• [Try it] Please set down only the lines below starting with the line with "Cook the peel" and going on through the line with "Borujerd | ||", verbatim and without pictures.

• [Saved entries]

········

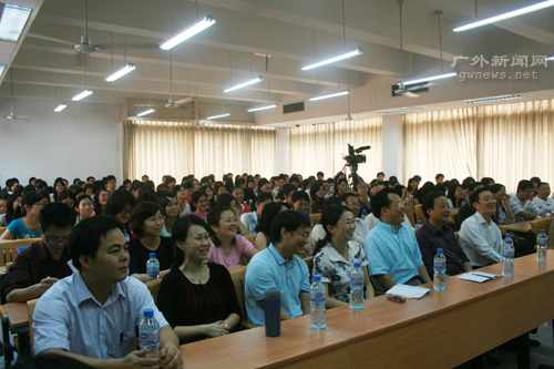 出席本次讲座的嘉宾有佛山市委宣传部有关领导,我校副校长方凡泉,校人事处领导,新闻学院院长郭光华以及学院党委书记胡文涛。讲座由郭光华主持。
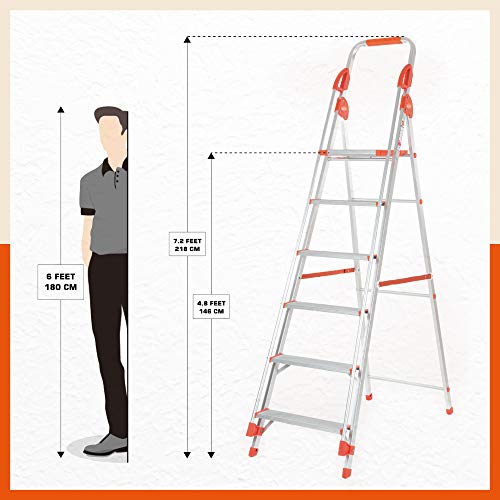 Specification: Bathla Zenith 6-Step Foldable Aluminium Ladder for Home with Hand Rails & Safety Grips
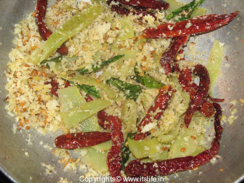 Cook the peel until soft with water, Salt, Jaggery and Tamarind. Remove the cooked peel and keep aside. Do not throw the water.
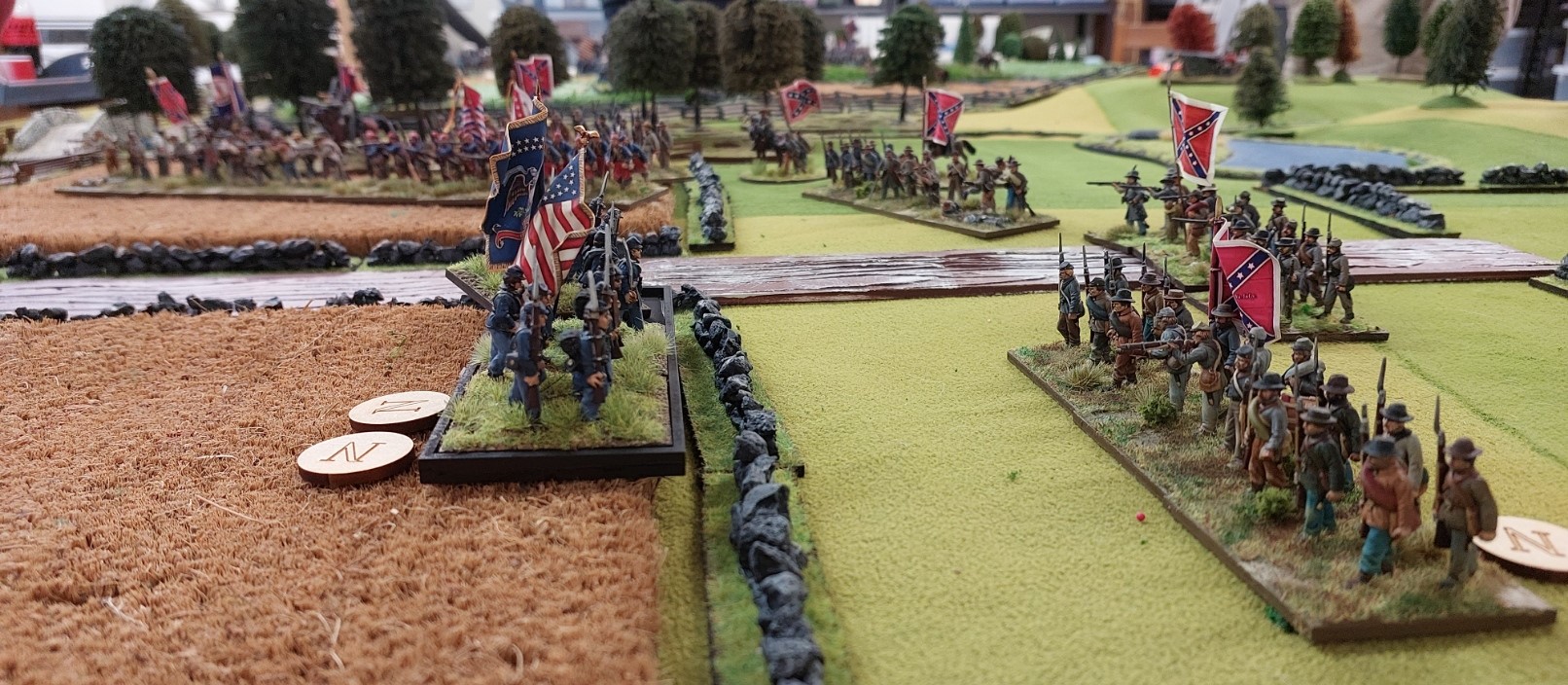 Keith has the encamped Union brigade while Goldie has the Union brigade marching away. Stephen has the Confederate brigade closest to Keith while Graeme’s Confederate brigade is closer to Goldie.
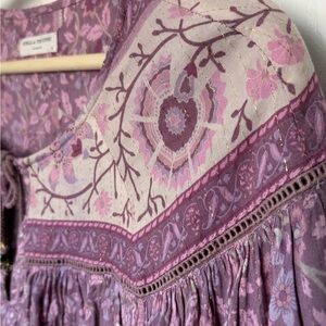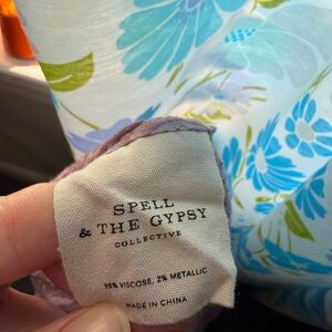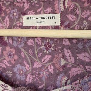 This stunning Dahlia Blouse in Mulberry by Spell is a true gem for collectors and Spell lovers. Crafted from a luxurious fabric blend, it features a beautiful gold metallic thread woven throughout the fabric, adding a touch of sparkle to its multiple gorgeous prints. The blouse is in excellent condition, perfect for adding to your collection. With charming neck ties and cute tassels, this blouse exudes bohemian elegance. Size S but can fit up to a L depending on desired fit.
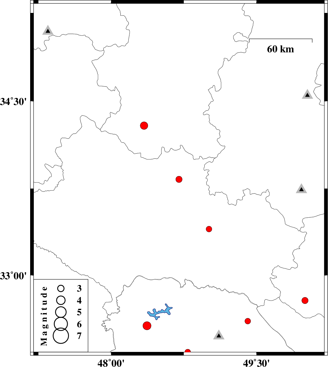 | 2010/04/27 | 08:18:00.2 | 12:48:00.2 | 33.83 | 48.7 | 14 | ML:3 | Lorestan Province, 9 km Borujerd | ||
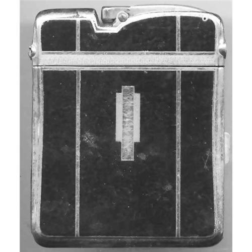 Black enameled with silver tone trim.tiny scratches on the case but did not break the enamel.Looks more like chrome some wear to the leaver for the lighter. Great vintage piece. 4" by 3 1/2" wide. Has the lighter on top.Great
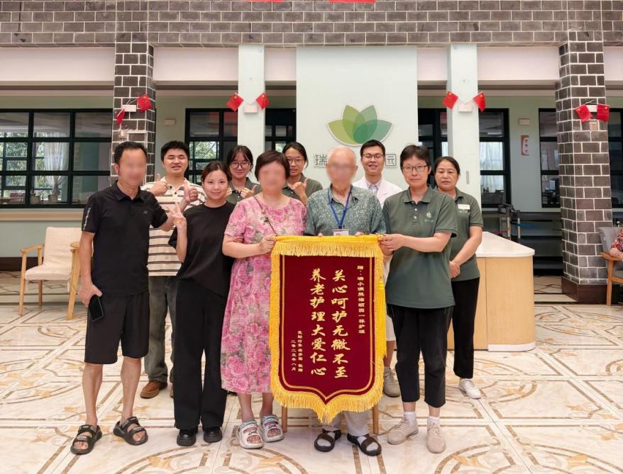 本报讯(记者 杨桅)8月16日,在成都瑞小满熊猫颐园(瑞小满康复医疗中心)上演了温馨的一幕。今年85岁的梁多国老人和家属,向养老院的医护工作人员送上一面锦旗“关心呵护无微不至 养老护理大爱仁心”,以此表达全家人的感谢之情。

········

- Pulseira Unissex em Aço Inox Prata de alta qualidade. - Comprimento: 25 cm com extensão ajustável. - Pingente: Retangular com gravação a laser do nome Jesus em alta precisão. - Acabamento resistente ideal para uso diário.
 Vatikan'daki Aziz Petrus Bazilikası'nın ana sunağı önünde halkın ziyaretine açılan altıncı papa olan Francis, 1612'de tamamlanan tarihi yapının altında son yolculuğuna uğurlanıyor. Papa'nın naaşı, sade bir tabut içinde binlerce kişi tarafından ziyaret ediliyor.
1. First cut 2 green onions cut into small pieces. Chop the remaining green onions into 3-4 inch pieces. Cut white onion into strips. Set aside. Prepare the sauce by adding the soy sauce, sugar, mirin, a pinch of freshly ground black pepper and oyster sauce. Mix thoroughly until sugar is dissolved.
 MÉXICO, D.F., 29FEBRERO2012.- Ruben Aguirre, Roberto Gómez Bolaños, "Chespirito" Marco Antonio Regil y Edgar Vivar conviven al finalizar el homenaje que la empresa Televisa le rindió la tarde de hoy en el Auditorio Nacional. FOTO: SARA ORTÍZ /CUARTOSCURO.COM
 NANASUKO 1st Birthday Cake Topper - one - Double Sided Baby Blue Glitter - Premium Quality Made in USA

········

• [Response]
 Cook the peel until soft with water, Salt, Jaggery and Tamarind. Remove the cooked peel and keep aside. Do not throw the water.
 Keith has the encamped Union brigade while Goldie has the Union brigade marching away. Stephen has the Confederate brigade closest to Keith while Graeme’s Confederate brigade is closer to Goldie.
 This stunning Dahlia Blouse in Mulberry by Spell is a true gem for collectors and Spell lovers. Crafted from a luxurious fabric blend, it features a beautiful gold metallic thread woven throughout the fabric, adding a touch of sparkle to its multiple gorgeous prints. The blouse is in excellent condition, perfect for adding to your collection. With charming neck ties and cute tassels, this blouse exudes bohemian elegance. Size S but can fit up to a L depending on desired fit.
 | 2010/04/27 | 08:18:00.2 | 12:48:00.2 | 33.83 | 48.7 | 14 | ML:3 | Lorestan Province, 9 km Borujerd | ||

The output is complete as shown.